Dois aquarianos juntos.
Se aqui este aquariano cabeça nas nuvens, tão criativo, com a mania da frieza e tão apaixonado pela sua liberdade já é difícil de levar, imaginem dois. Ah não é fácil, não. E é uma aprendizagem constante.
Aliás, é praticamente um fazer, apagar, e voltar a fazer, até estar quase, quase como nós queremos. Afinal a Lua deu-nos a criatividade para alguma coisa.
Honestamente, nunca achei que isto fosse possível. Quando nos conheci, porque isto de conhecer o outro também implica conhecer muito de nós próprios (acho eu), juro que achei que as nossas diferenças sobressaíam muito mais que as nossas semelhanças. E talvez tenha sido isso, pois mesmo assim deixei-me ficar (ou deixei-me ir) e com o tempo fui percebendo que havia algo muito, muito intenso que nascia entre nós.
Depois, claro, a minha liberdade começou a gritar, a querer fazer-se ouvir. Afinal, para quem esteve entregue a si próprio por tanto tempo, não é propriamente fácil abri a cave para a luz entrar. Nem esta partilha sincera dos espaços, dos hábitos e sobretudo dos sentimentos, medos, alegrias e pensamentos se faz assim tão repentinamente quanto pensamos.
Mas gostava que nos ouvissem falar um com o outro. Gostava também que fosse possível levar-vos ao exacto momento em que o nosso muro caiu e nos veio ao de cima tudo o que sentimos. O bom de ser aquariano é que assim estes acontecimentos raros são uma explosão.

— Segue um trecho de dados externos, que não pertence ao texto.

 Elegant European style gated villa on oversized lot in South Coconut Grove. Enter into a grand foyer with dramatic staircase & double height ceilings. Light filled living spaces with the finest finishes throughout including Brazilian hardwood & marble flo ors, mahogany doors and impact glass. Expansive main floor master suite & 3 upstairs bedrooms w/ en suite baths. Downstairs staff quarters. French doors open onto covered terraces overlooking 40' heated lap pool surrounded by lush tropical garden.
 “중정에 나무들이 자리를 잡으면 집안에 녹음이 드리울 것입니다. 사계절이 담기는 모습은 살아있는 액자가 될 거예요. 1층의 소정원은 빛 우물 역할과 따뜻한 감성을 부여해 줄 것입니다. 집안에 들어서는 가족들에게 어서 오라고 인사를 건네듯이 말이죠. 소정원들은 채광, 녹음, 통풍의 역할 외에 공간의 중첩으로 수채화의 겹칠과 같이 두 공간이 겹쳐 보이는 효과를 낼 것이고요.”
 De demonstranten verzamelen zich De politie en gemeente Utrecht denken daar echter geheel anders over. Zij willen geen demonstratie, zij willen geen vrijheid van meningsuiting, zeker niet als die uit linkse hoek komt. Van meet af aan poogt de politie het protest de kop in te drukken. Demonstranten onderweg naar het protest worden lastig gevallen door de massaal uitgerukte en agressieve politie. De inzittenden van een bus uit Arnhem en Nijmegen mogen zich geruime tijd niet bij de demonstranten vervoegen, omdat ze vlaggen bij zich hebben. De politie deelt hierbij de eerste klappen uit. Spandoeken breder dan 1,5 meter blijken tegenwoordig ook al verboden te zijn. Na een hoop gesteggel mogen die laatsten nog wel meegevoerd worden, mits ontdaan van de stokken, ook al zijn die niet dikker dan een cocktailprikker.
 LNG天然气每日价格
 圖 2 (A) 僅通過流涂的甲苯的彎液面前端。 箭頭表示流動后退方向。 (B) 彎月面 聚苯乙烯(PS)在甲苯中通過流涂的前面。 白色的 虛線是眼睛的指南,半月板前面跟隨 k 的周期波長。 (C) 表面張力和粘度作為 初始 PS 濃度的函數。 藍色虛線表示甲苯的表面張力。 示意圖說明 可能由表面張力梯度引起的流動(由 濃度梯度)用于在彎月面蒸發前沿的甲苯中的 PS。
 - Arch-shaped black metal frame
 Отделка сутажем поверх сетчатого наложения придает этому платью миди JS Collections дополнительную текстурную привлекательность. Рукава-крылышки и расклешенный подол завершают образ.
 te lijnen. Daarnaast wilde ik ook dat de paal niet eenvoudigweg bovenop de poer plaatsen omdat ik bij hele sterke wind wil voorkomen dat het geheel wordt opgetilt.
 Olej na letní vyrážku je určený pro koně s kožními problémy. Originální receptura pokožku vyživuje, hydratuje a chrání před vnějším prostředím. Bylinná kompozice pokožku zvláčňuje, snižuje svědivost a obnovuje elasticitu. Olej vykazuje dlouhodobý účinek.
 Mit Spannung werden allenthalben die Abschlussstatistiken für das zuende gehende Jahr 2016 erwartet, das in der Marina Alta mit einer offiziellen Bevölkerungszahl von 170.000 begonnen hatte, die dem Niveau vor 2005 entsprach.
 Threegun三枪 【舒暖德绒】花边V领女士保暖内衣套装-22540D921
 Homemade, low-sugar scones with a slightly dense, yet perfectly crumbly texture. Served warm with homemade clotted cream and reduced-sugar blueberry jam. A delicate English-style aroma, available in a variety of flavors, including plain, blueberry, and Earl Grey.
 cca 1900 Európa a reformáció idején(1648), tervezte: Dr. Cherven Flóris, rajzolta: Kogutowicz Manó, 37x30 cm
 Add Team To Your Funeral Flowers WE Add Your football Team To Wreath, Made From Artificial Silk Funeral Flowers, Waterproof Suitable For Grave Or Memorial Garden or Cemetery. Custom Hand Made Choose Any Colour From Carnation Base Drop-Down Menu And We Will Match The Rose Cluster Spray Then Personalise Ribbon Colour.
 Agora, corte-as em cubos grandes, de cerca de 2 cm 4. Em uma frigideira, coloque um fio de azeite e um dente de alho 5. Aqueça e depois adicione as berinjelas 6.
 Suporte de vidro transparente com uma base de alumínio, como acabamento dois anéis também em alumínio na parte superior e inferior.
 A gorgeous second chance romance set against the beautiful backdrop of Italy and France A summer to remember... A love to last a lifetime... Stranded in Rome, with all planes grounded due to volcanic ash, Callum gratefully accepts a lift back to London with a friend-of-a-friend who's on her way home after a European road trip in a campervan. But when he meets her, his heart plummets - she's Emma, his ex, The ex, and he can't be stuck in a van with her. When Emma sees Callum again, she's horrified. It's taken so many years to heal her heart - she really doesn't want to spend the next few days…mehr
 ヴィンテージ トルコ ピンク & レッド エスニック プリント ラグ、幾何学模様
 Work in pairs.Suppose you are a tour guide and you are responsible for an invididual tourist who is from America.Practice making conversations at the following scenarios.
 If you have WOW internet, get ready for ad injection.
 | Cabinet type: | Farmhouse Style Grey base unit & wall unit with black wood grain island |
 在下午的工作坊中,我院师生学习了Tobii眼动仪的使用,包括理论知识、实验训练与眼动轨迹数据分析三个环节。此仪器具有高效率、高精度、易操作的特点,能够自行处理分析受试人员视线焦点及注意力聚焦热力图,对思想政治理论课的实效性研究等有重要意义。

E que grande muro que nós tínhamos, cada um, a circundar as suas inseguranças. Não terá sido por acaso que nos conhecemos em Berlim, e não deixarei nunca de sorrir com esta ironia e de abusar desta metáfora, pois ela serve-me perfeitamente para explicar quão difícil foi derrubar esse obstáculo e ver, por fim, que éramos já muito mais do queríamos admitir. Foi mesmo um encontrar, uma junção, dos lados Oeste e Leste. Duas forças que não queriam assumir, fosse por medo ou orgulho, que aquele muro já era só uma ilusão e que já pouco, na realidade, separava cada lado.
E digo-o outra vez. Gostava mesmo que nos ouvissem falar um com o outro, que vissem e sentissem aquela maneira tão nossa de partilharmos os nossos afectos ou de ficarmos perdidos a falar dos nossos livros, filmes e jogos, como se nada mais existisse lá fora.
No outro dia, tão exausto, ele adormeceu na minha cama enquanto via um filme e eu fiquei acordado até mais tarde a jogar. Quando fui tirar-lhe o portátil e ajeitá-lo para dormir, ele falou, sem qualquer filtro, vencido pelo sono, e eu gostava que fosse possível descrever aqui o que senti cá dentro. O meu coração tremeu, se isso é sequer possível. Já me tinha esquecido do que era sentir isso. Ai se fosse fácil mostrá-lo por palavras escritas... se fosse possível ter registado o meu olhar terno sobre ele.
Talvez aí eu conseguisse explicar melhor como 2020 me tirou tanto de um lado para me dar muito mais do outro.